• The task: Transcribe the entries below word for word, beginning at the line with "因为梨子的表面比苹果要粗糙,所以梨子的高" and stopping after the line with "This small chic"; drop all pictures.
-- Records to process follows --
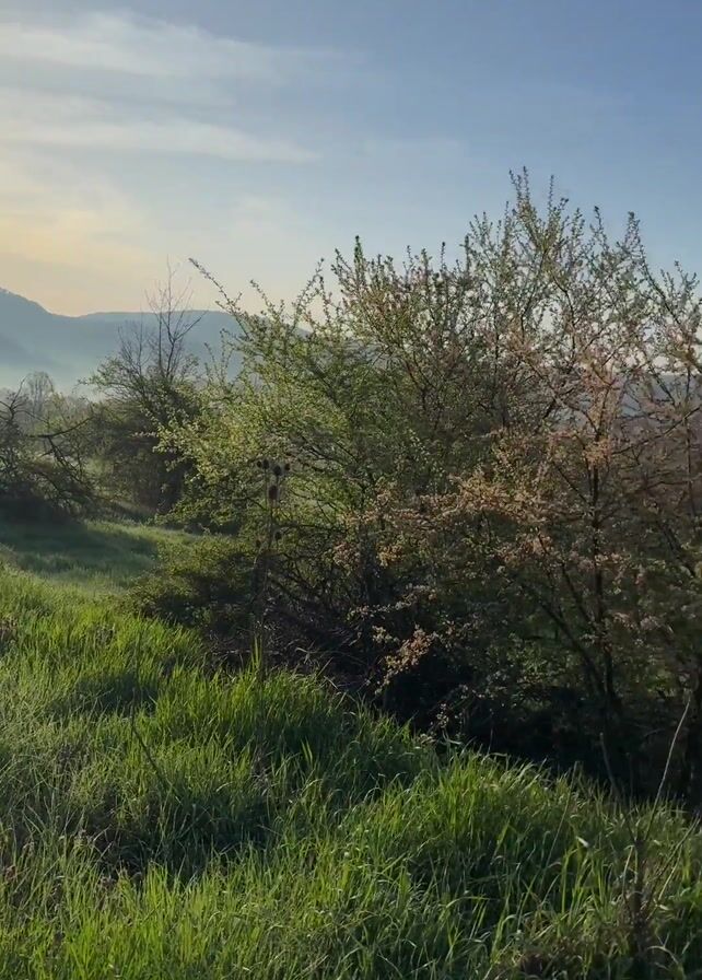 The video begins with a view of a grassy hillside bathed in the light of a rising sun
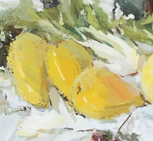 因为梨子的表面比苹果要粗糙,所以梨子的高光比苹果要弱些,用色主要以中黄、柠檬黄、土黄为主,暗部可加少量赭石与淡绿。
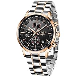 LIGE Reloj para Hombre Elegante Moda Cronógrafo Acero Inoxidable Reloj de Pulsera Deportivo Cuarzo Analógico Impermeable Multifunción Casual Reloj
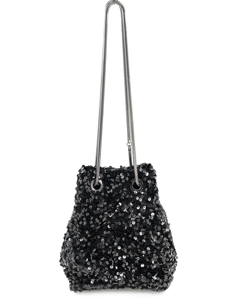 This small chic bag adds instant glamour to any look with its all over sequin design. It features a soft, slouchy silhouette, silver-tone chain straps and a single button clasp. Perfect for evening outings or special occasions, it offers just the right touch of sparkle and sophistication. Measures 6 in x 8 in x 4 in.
-- Records to process concluded --
-- Records to process follows --
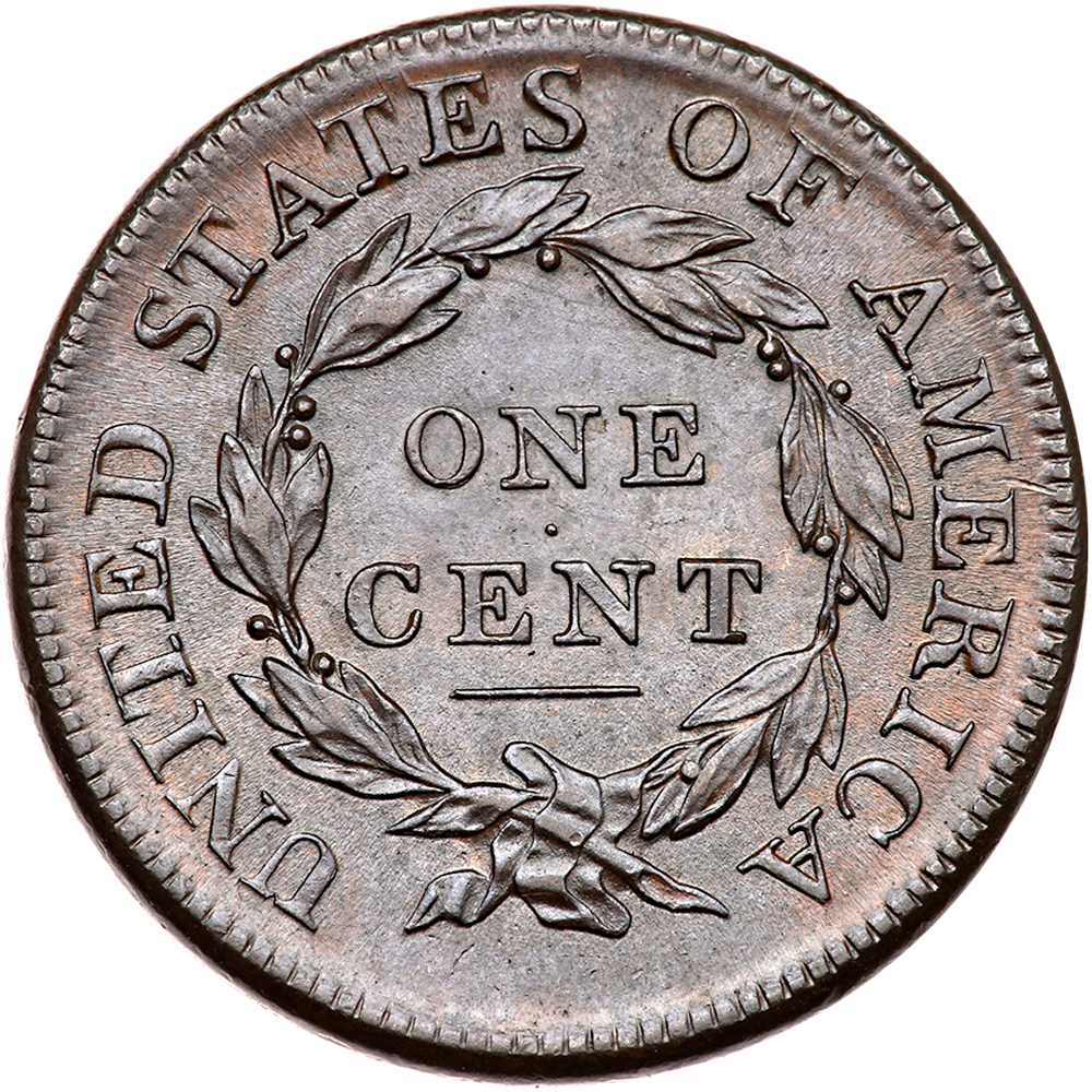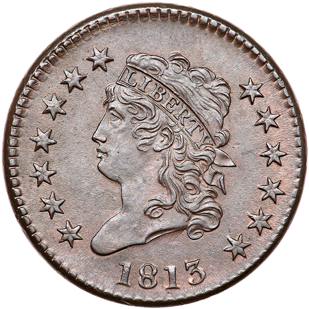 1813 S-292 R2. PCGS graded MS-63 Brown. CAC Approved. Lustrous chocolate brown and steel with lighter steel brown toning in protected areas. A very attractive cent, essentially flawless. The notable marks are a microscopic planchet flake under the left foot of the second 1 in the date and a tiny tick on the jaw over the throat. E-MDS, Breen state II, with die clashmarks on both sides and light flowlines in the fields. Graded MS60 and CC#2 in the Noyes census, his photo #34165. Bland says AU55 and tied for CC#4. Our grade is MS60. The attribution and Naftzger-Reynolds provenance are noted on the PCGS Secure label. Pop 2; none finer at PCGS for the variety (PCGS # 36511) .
-- Records to process concluded --
• Expected answer:
 因为梨子的表面比苹果要粗糙,所以梨子的高光比苹果要弱些,用色主要以中黄、柠檬黄、土黄为主,暗部可加少量赭石与淡绿。
 LIGE Reloj para Hombre Elegante Moda Cronógrafo Acero Inoxidable Reloj de Pulsera Deportivo Cuarzo Analógico Impermeable Multifunción Casual Reloj
 This small chic bag adds instant glamour to any look with its all over sequin design. It features a soft, slouchy silhouette, silver-tone chain straps and a single button clasp. Perfect for evening outings or special occasions, it offers just the right touch of sparkle and sophistication. Measures 6 in x 8 in x 4 in.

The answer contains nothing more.